Southwest Arizona Riparian Features
Mesquite Bosque
SMALL FOREST
Mesquite bosques are happiest around desert rivers where they can find water most of the year. The velvet mesquite is a common Southern Arizona tree that has a dark high-relief bark and its branches spread out low. That feature creates an interesting canopy when many mesquite form a “small forest,” known as a bosque. The tree is a plant found in woodlands of the Sonoran Desert, usually along washes or rivers, and are home to many insects, birds, and even mammals. Bark scorpions, the most venomous of North American species, are common to the Sonoran, and said to favor these trees.
From the National Park Service:
“Today, the mesquite bosque of Tumacacori [Mission along the Santa Cruz south of Tucson] protects the threatened yellow-billed cuckoo and other rare species. It provided the O’odham, and later the Spanish, with wood, medicine, and food.
Mesquite flowers provide important pollen and nectar for wildlife. The flowers are crowded into long spikes called catkins. When fertilized, the flowers form long green fruits that resemble string beans. They grow and mature through the summer, turning tan or streaked with red.
The beans can be eaten at all stages of their growth. The O'odham ate them as a vegetable when green, and ground the pods into a sweet, nutty flour when ripe. They are favored by many animals, including hares, pocket mice, kangaroo rats, pack rats, and javelinas.
Although honey mesquite can be found in the region, the velvet mesquite (Prosopis velutina) dominates the landscape of Tumacácori. Some theorize that the Spanish introduction of cattle accelerated the spread of mesquite bosques in the Pimería Alta.”
Cienega
WETLAND SYSTEM
A ciénega, sometimes spelled with an “a” in place of the second “e,” is a wetland system unique to the American Southwest. Ciénagas are wet meadows of freshwater, always saturated on much of the surface by ground sources. They may cover the entire basin of a valley and are relatively flat. Between the Southwestern Arizona “archipelago” mountain chains, there are locations where aquifers and springs may support other drainage into the ciénaga. In modern times, much of the wetland is depressed between banks of a few feet.
From Wikipedia:
“Ciénagas are usually associated with seeps or springs, found in canyon headwaters or along margins of streams. Ciénagas often occur because the geomorphology forces water to the surface, over large areas, not merely through a single pool or channel. In a healthy ciénaga, water slowly migrates through long, wide-scale mats of thick, sponge-like wetland sod.
Ciénaga soils are squishy, permanently saturated, highly organic, black in color or anaerobic. Highly adapted sedges, rushes and reeds are the dominant plants, with succession plants—Goodding's willow, Fremont cottonwoods and scattered Arizona walnuts—found on drier margins, down-valley in healthy ciénagas where water goes underground or along the banks of incised ciénagas.
Ciénagas are not considered true swamps due to their lack of trees, which will drown in historic ciénagas. However, trees do grow in many damaged or drained ciénagas, making the distinction less clear.”
Riparian Zone
INTERFACE BETWEEN LAND AND RIVER
The Santa Cruz River starts in the United States, but crosses south into the state of Sonora, Mexico before heading north again into Arizona. It begins in the San Rafael Valley, flowing south just into Mexico before making a nearly 180-degree turn back into the United States. There, it flows from south to north, eventually joining with the waters of the Gila. The Santa Cruz provides critical habitat for threatened and endangered species including a wide variety of birds. Arizona has more than 140 bird species and has become a bird-watching destination. The Tucson Audubon Society has a guide to great locations on their site.
From the National Park Service:
“Where underlying bedrock slopes up, the water is forced to the surface.
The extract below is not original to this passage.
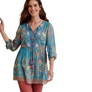 Soft Surroundings Womens Mirapani Tunic, Embroidered, Tassel, Boho, Embellish, M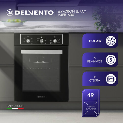 Встраиваемый духовой шкаф Delvento станет незаменимым помощником любой хозяйки. Духовой шкаф обладает многими универсальными функциями, которые помогут готовить не только быстро, но и с удовольствием. Духовой шкаф – техника, без которой не обходится практически ни одна кухня. В нем можно тушить и запекать мясо, рыбу и овощи, печь кексы, пироги и готовить другие аппетитные блюда. Основные характеристики: ширина встройки 45 см Super slim габариты (ШхГхВ) : 45х56,6х59,5 см цвет : черная эмаль функции: верхний нагрев, нижний нагрев+конвекция, верхний+нижний нагрев, верхний+нижний нагрев+конвекция, очистка паром. функция " конвекция" Special Heating System механический таймер на 90 мин со звуковым оповещением Remaining Time System поворотные кнопки управления 2-е остекление дверцы Double Protection Low-E внутреннее покрытие Эмаль легкой очистки Easy Clean System полная комплектация аксессуаров Full Accessories Set : стандартный противень, круглый противень, хромированная решетка. страна производства: Турция гарантия: 3 года

The O’odham situated their villages in these locations, known as “gaining reaches,” to take advantage of the reliable water source. Later settlers followed suit.
The river provided not only water for drinking and irrigation, but habitat for the complex web of life that supported human settlement. It contributed to every basket, meal, article of clothing, medicine, and cultural practice. Literally every item a person touched over the course of a lifetime connected back to the Santa Cruz River corridor.
Today, the cottonwood-willow environment along the Santa Cruz is one of the most rare and endangered habitats in the United States. The river‘s plant and animal communities and water quality are threatened by climate change and modern land use. The stretch of river that flows through Tumacácori is now composed almost entirely of treated effluent, released from the Nogales International Wastewater Treatment Facility in Rio Rico, Arizona. Although this supplemental water source has supported the return of the endangered Gila topminnow (Poeciliopsis occidentalis), it is not safe for human consumption. Avoid contact.”